> **Available data**

'''

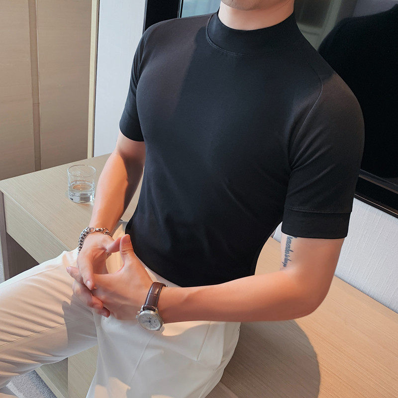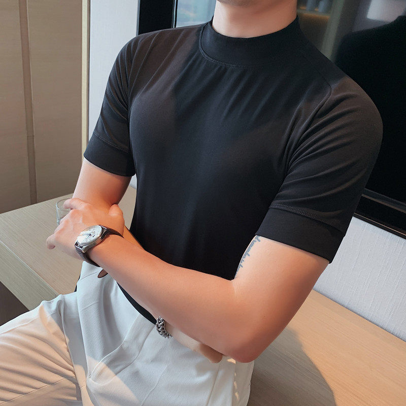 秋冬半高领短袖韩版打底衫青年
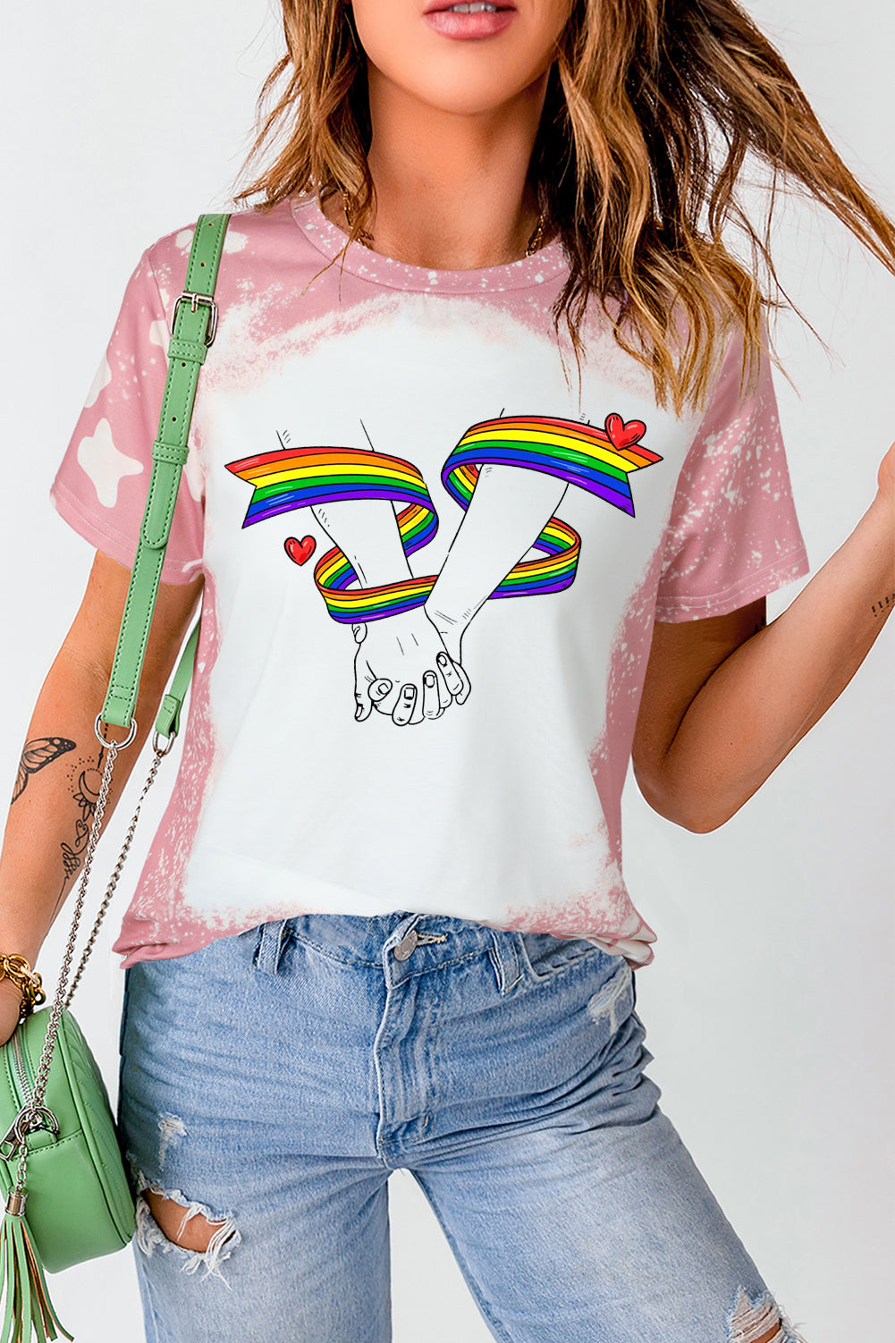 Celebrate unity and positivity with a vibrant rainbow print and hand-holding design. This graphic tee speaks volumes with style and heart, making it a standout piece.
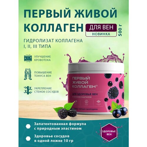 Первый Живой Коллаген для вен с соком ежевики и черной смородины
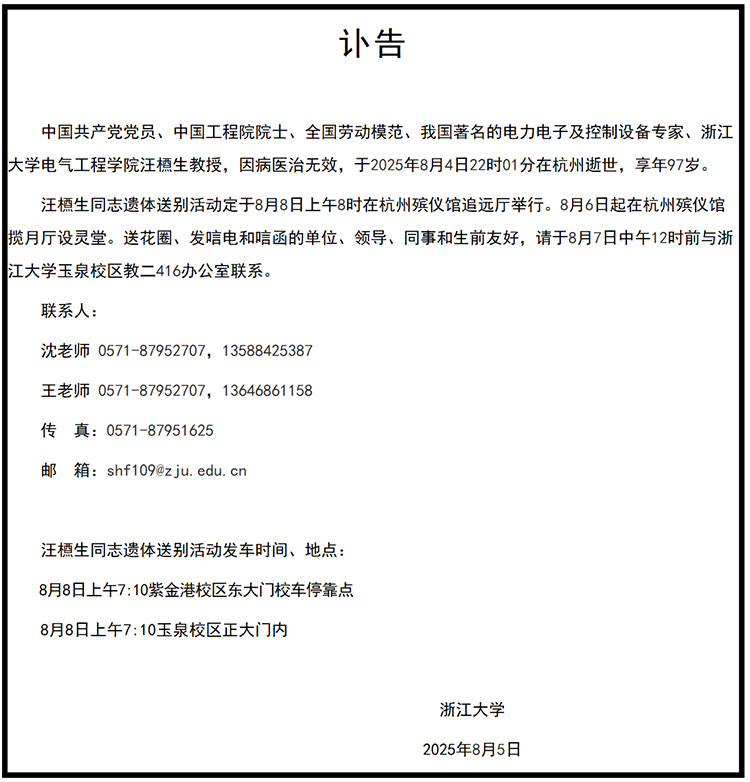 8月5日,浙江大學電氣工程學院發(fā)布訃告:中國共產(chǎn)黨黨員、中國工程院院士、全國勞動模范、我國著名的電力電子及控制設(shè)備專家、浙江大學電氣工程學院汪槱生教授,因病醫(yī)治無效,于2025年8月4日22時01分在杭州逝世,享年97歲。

'''
'''

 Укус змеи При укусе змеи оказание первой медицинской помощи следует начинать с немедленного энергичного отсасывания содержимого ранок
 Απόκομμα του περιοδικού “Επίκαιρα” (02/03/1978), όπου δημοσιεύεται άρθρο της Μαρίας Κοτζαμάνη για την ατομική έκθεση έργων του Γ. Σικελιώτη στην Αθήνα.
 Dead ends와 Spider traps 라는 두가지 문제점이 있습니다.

'''
'''

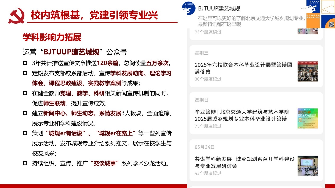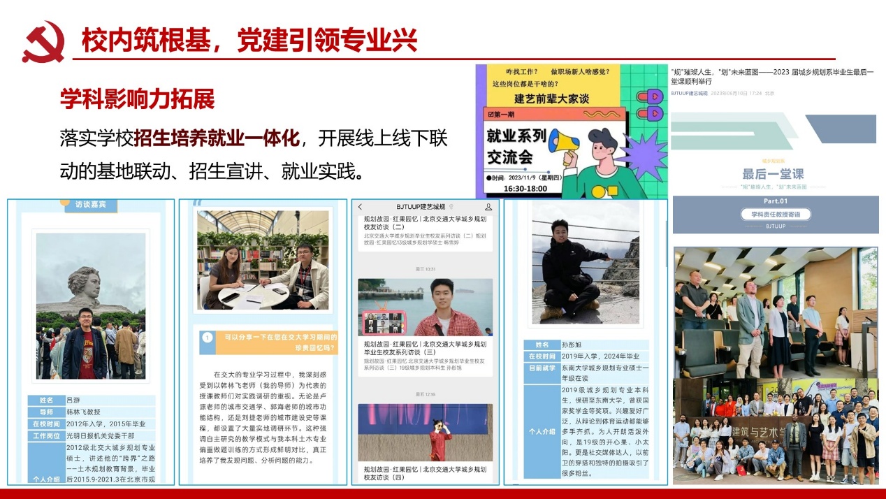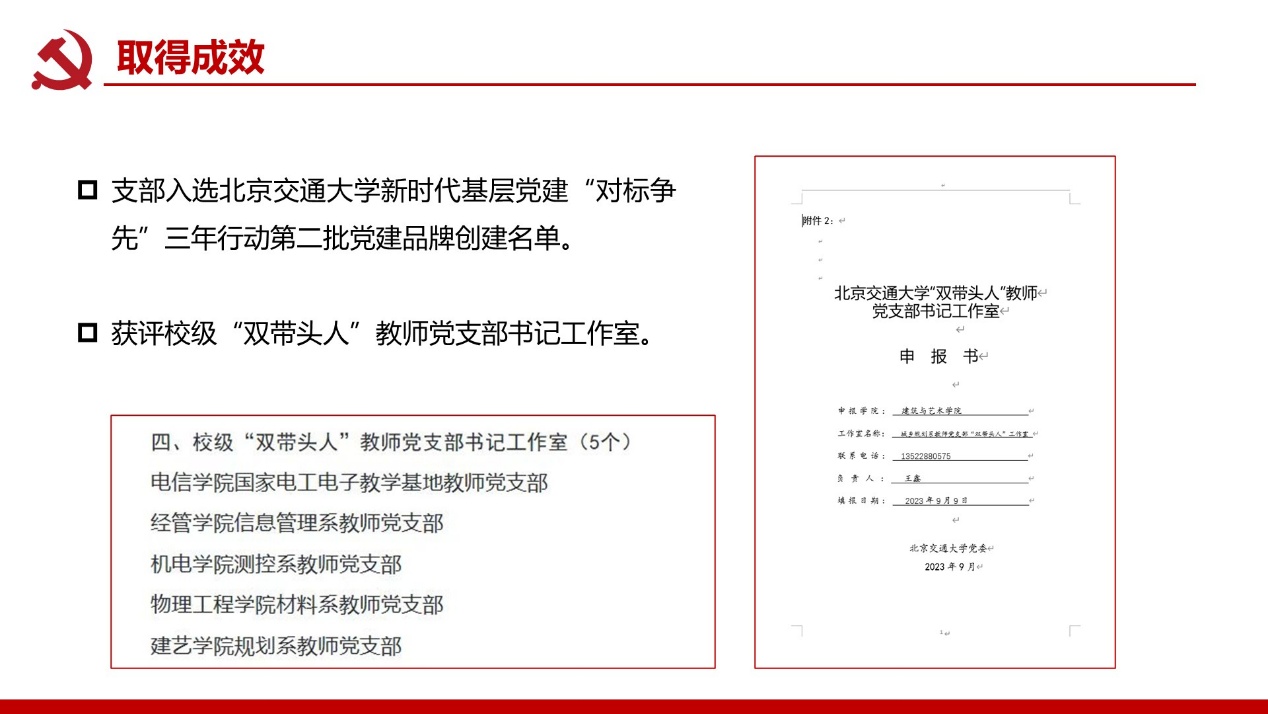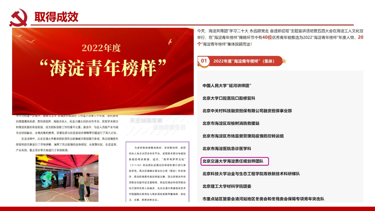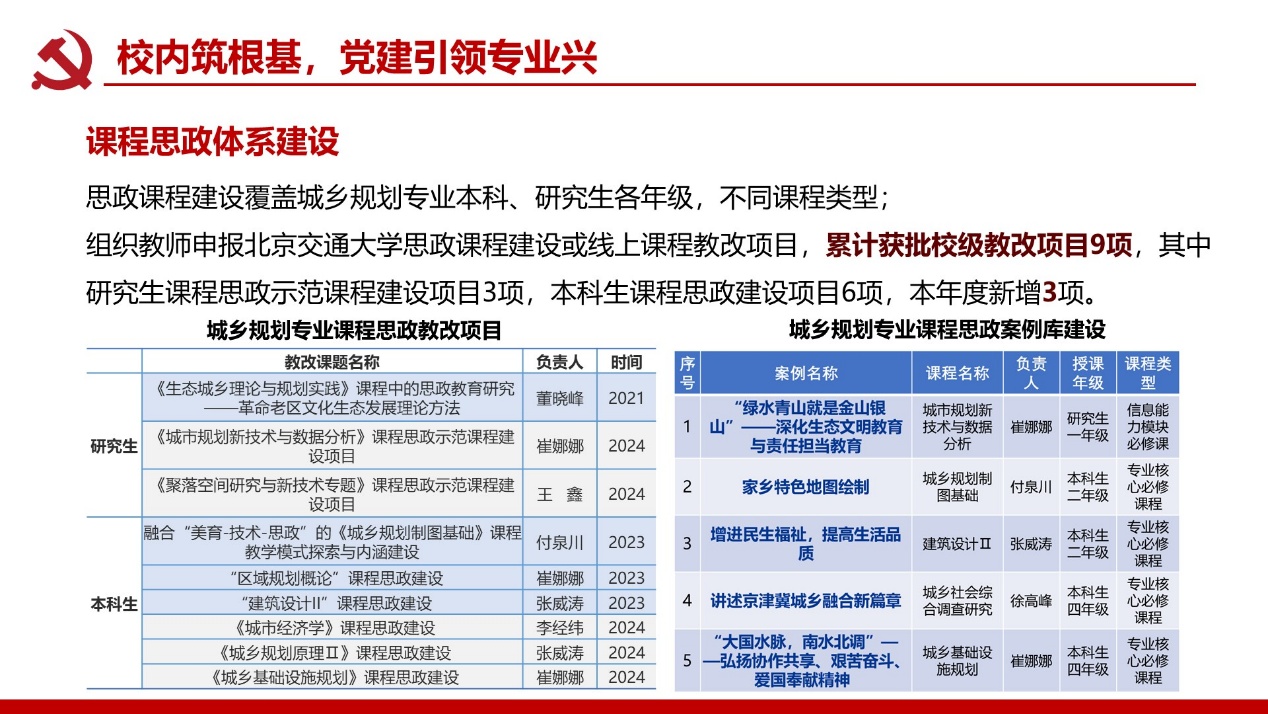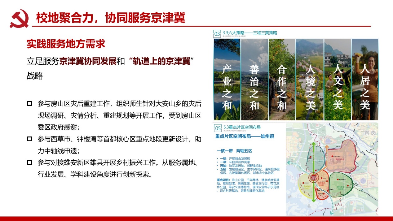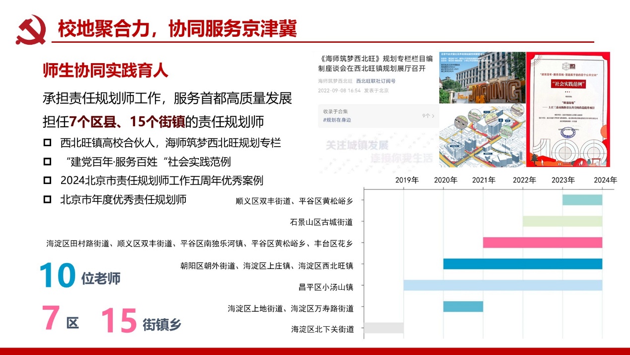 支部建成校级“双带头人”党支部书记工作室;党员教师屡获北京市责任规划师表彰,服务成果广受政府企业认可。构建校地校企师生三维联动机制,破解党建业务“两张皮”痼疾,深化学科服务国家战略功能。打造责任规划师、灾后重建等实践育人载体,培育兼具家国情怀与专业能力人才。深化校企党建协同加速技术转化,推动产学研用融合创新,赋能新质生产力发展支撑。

'''

> **Task details**
Start at the line containing "Celebrate unity and" above and stop at the line containing "8月5日,浙江大學電氣工程學". Output those lines exactly, both included, but none of the pictures.

> **Finished exercise**
 Celebrate unity and positivity with a vibrant rainbow print and hand-holding design. This graphic tee speaks volumes with style and heart, making it a standout piece.
 Первый Живой Коллаген для вен с соком ежевики и черной смородины
 8月5日,浙江大學電氣工程學院發(fā)布訃告:中國共產(chǎn)黨黨員、中國工程院院士、全國勞動模范、我國著名的電力電子及控制設(shè)備專家、浙江大學電氣工程學院汪槱生教授,因病醫(yī)治無效,于2025年8月4日22時01分在杭州逝世,享年97歲。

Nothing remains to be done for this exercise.